# [Work order]
Look through the entries below and copy exactly the part that begins with the line containing "The necklaces in" and ends with the line containing "自唐以后,洛阳最有名气的书法". Do not copy the pictures.

# [Material for the task]
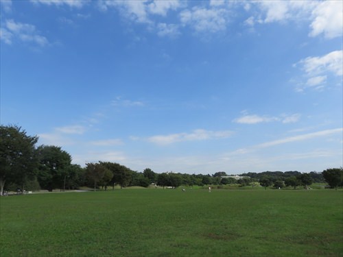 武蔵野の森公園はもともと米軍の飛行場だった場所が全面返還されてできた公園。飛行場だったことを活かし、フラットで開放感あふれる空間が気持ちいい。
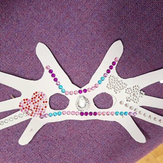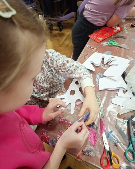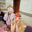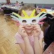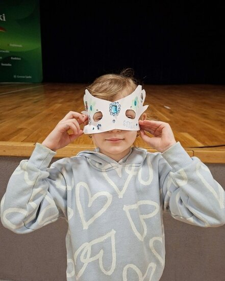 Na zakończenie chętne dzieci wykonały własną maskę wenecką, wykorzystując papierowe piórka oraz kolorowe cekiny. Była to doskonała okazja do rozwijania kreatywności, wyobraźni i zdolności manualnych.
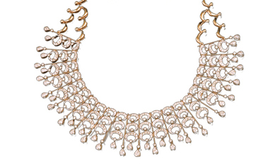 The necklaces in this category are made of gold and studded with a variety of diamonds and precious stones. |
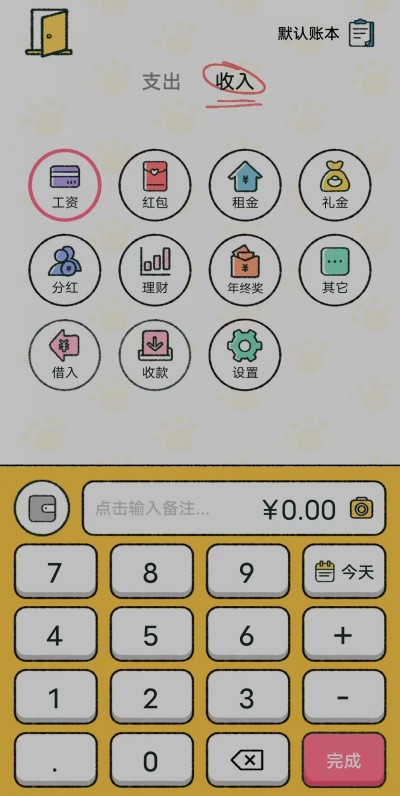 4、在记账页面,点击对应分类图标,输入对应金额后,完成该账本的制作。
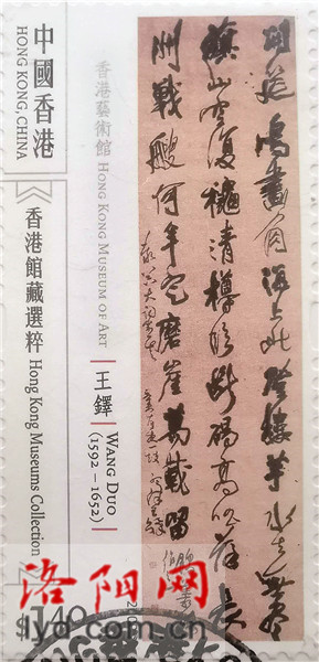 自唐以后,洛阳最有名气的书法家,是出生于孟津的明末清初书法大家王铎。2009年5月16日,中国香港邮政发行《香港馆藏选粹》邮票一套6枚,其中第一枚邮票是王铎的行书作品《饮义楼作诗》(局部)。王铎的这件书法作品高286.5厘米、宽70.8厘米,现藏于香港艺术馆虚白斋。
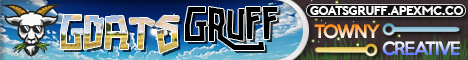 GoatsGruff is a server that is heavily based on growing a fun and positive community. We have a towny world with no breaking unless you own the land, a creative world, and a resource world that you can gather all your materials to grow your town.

...

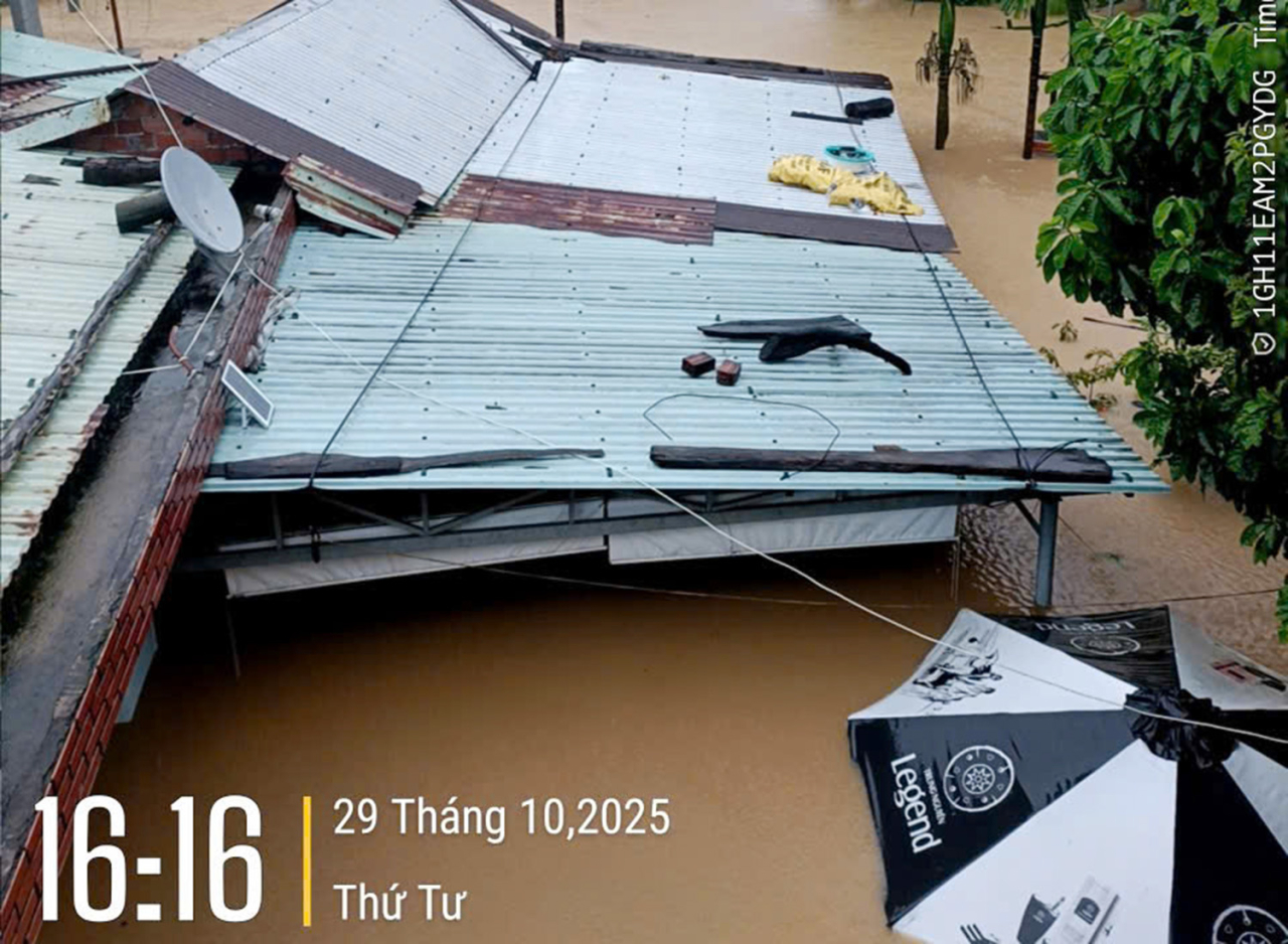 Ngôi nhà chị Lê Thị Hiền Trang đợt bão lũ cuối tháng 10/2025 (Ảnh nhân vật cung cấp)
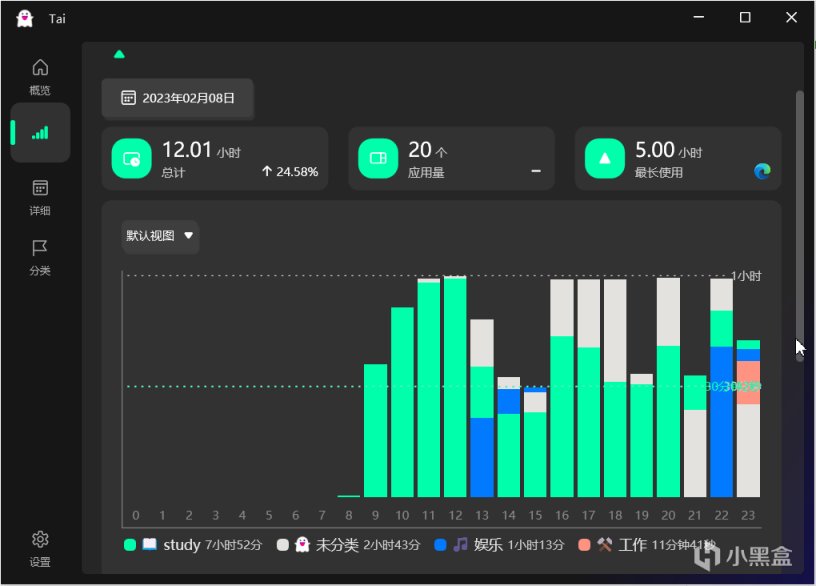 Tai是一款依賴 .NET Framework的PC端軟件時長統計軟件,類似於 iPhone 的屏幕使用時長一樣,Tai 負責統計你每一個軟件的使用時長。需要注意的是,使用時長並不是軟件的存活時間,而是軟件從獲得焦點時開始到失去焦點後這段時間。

# [Expected output]
 The necklaces in this category are made of gold and studded with a variety of diamonds and precious stones. |
 4、在记账页面,点击对应分类图标,输入对应金额后,完成该账本的制作。
 自唐以后,洛阳最有名气的书法家,是出生于孟津的明末清初书法大家王铎。2009年5月16日,中国香港邮政发行《香港馆藏选粹》邮票一套6枚,其中第一枚邮票是王铎的行书作品《饮义楼作诗》(局部)。王铎的这件书法作品高286.5厘米、宽70.8厘米,现藏于香港艺术馆虚白斋。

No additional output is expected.